Death Before the Fall: Biblical Literalism and the Problem of Animal Suffering by Ronald E. Osborn

Death Before the Fall: Biblical Literalism and the Problem of Animal Suffering by Ronald E. Osborn

Author:Ronald E. Osborn [Osborn, Ronald E.]
Language: eng
Format: epub
ISBN: 9780830895373
Publisher: InterVarsity Press
Published: 2014-01-16T16:00:00+00:00


9

If Not Foundationalism, What Then?

From Tower Building to Net Mending

“Much philosophical confusion,” Nancey Murphy writes (with reference to Wittgenstein), “comes from being captivated by a picture.”1 The simplifying stories, images, analogies, metaphors and allusions we use to represent our ideas to others can easily come to substitute for clear thinking and serve to insulate our ideas from scrutiny, even by ourselves. For example, I have heard not one but several creationists speak of the moral responsibilities of Christian educators in terms of a dubious mental picture drawn straight from the world of corporate America. If you work for Nike but spend your office hours promoting Reebok as the better shoemaker, these individuals declare, you are in fact stealing from your employer. Hence, professors who teach evolutionary concepts at Christian colleges and universities whose sponsoring denominations officially adhere to creationism are not merely theologically mistaken but are morally despicable. They are, in the words of a televangelist I once watched, breaking the eighth commandment (“Thou shalt not steal”) and so are “falling under the condemnation of God.” (The speaker, I later learned, had in fact dropped out of college, such was the depth of his commitment to Christian education; as Flannery O’Connor wrote, “Conviction without experience makes for harshness.”2)

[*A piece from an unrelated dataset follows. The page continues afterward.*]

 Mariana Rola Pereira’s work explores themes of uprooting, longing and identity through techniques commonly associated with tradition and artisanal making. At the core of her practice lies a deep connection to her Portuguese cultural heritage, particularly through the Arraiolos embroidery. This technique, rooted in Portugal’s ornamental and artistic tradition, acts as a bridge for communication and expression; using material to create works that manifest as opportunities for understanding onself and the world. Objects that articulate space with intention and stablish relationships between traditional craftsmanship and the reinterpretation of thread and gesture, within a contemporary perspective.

But why, we must ask, did this individual assume to begin with that the body of Christ is best thought of in terms of the picture of a multinational corporation aimed at maximizing profits for investors, with the search for truth evidently conceived as brand loyalty in a zero-sum competition for people’s souls or minds as currency or capital? What sorts of hidden values, priorities and assumptions are at work when the rules of corporate capitalism provide the controlling metaphors for preachers explaining to their flocks the meaning of church unity, intellectual integrity, moral decision making and Christian discipleship?

When very poor pictures such as this are deployed as substitutes for careful thought, the best response one can give is to suggest an alternative picture (metaphor or analogy) that might help to reorient our horizons. For example, what if Christian universities and Christian classrooms are best thought of not as shoe factories (with teachers in the role of wage-laborers paid to assemble “products” with maximum efficiency according to the specifications laid down by CEOs), but instead as courts—that is, as deliberative or judicial assemblies charged with wrestling with difficult questions of truth and justice for the good of the community as a whole?

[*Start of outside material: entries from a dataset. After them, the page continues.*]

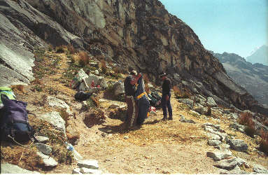 Since we had been up the moraine the day before, we knew what we had coming our way. It promised to be a three-hour slog with no running water and all too many vertical feet with a 40+ pound load. We made the climb to the moraine and moved purposely along its flat top until we reached the drop down and re-climb to take on the remaining and most substantial section. Without a doubt, the lower moraine is a cake walk compared to the verticality of the later portion of the climb. We lugged our loads just about non-stop to the halfway point of the upper steep section before stopping for lunch. . . high clouds were moving in. Wispy lenticular clouds made their way across the sky, higher than the 20k summit of Huandoy across the valley. We knew that lenticular clouds often foretold a change in the weather and Joaquin voiced the same opinion, reinforced by his correlation of the weather and the phase of the moon. The prediction was for a change to the perfect weather so far, a change neither Gary nor I wanted any part of.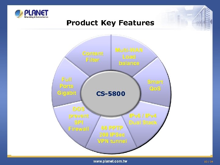 Product Key Features Content Filter Full Ports Gigabit DOS prevent SPI Firewall Multi-WAN Load balance CS-5800 60 PPTP 200 IPSec VPN tunnel Smart Qo. S IPv 6 / IPv 4 Dual Stack 10 / 34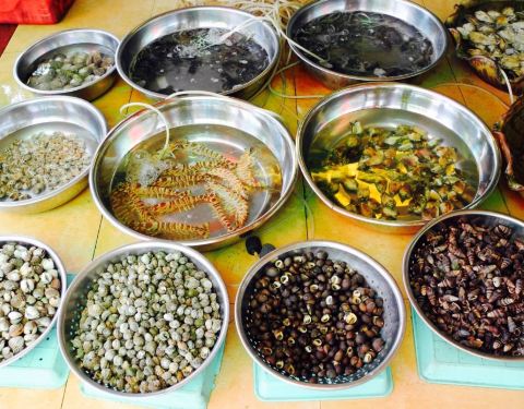 我们点了海鲜火锅,食材很新鲜,品种也很多,有螃蟹、大虾、鱼、乌贼以及蔬菜、冬粉、鸡蛋和水果,很好吃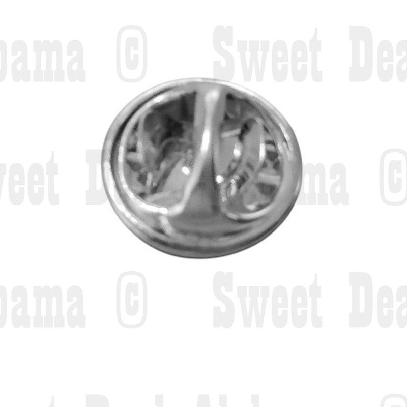 Includes butterfly clutchback(s) for secure fastening. The butterfly clutch is a small, metal clasp that grips the pin’s post, ensuring it stays in place on hats, jackets, or bags. This design allows for easy attachment and removal while keeping the pin firmly secured.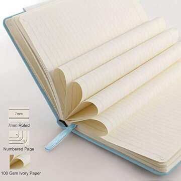 daolen College Lined Classic Notebook Journal [A5][ Leather Hardcover ][ 160 Numbered Pages ][ 100 gsm ] Premium Thick Paper with Inner Pocket 5.5"x 8.15" - (Pastel Blue, Ruled)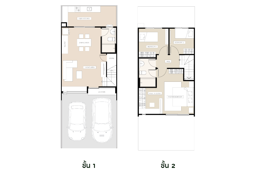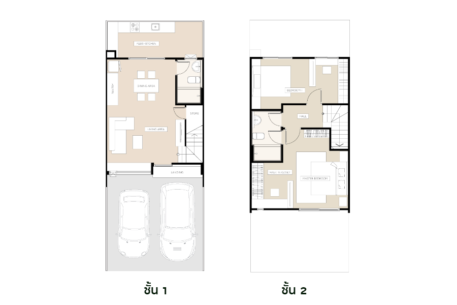 - Double master bedroom : ทาวน์โฮม 2 ชั้น พื้นที่ใช้สอย 115 ตร.ม. ที่ดินเริ่มต้น 18 ตร.วา. 2 ห้องนอน 2 ห้องน้ำ ที่จอดรถ 2 คัน

Unanimous Supreme Court decisions are rare. Practically every US Supreme Court ruling on every major issue includes one or more dissenting opinion(s). These dissenting opinions are clearly and publicly articulated and might in the future influence the overturning of an earlier decision. The health of a democratic polity that is oriented toward questions of truth and justice, the framers of the American legal system understood, depends not only on consensus but also on dissent. And a dissenting judge is not being “unpatriotic” or defying the law by disagreeing with the majority opinion.